Transcribe, starting at the line with "Paul Smith's Multiblock" and ending at the line with "Het duurzame behang", every line of the material below exactly, but leave out the pictures and anything outside that span.

#### Data for this exercise:
━━━━━━━━

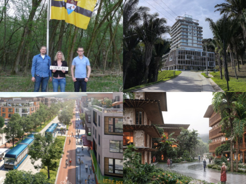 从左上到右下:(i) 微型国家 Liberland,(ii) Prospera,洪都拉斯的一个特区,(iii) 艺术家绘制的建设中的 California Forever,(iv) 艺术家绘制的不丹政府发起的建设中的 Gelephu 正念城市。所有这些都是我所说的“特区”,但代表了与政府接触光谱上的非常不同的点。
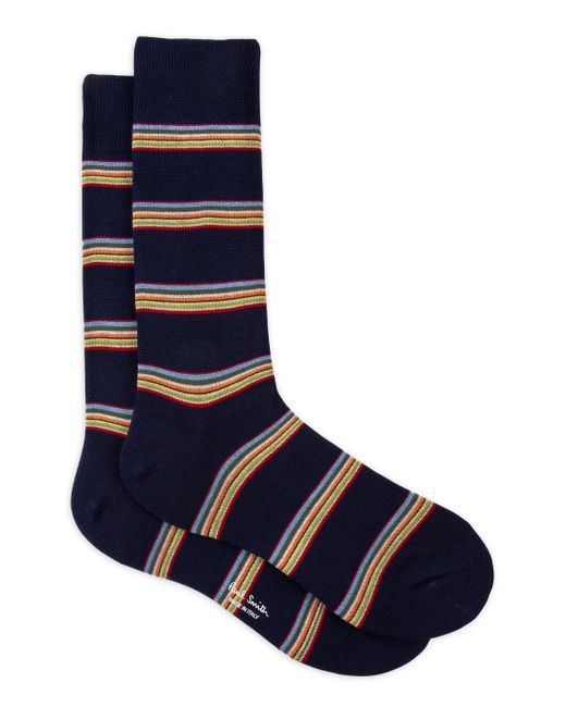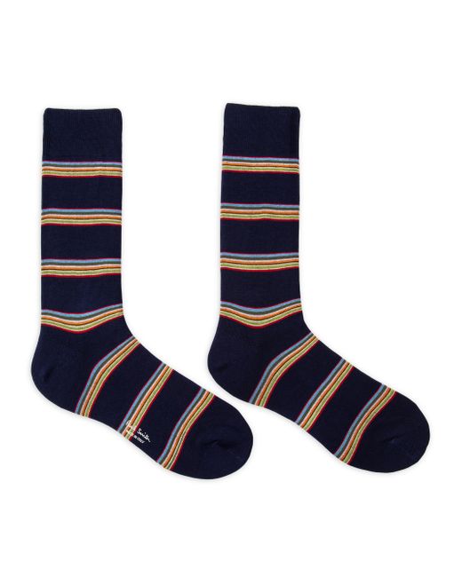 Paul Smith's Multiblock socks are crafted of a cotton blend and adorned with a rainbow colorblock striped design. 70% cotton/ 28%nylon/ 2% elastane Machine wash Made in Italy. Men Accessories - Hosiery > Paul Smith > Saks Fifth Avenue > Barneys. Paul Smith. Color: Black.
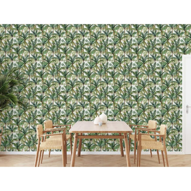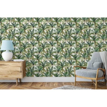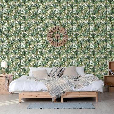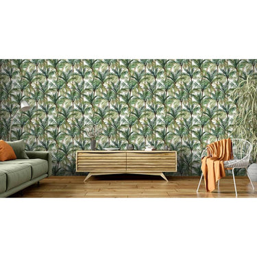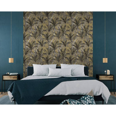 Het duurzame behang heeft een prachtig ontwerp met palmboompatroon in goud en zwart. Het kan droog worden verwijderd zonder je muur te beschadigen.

━━━━━━━━

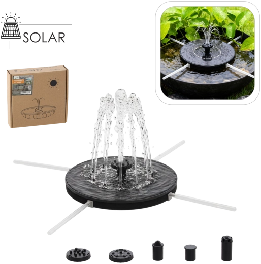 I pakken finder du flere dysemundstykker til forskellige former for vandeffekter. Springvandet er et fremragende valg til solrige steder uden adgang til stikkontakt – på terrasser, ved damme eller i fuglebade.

━━━━━━━━

#### Written response:
 Paul Smith's Multiblock socks are crafted of a cotton blend and adorned with a rainbow colorblock striped design. 70% cotton/ 28%nylon/ 2% elastane Machine wash Made in Italy. Men Accessories - Hosiery > Paul Smith > Saks Fifth Avenue > Barneys. Paul Smith. Color: Black.
 Het duurzame behang heeft een prachtig ontwerp met palmboompatroon in goud en zwart. Het kan droog worden verwijderd zonder je muur te beschadigen.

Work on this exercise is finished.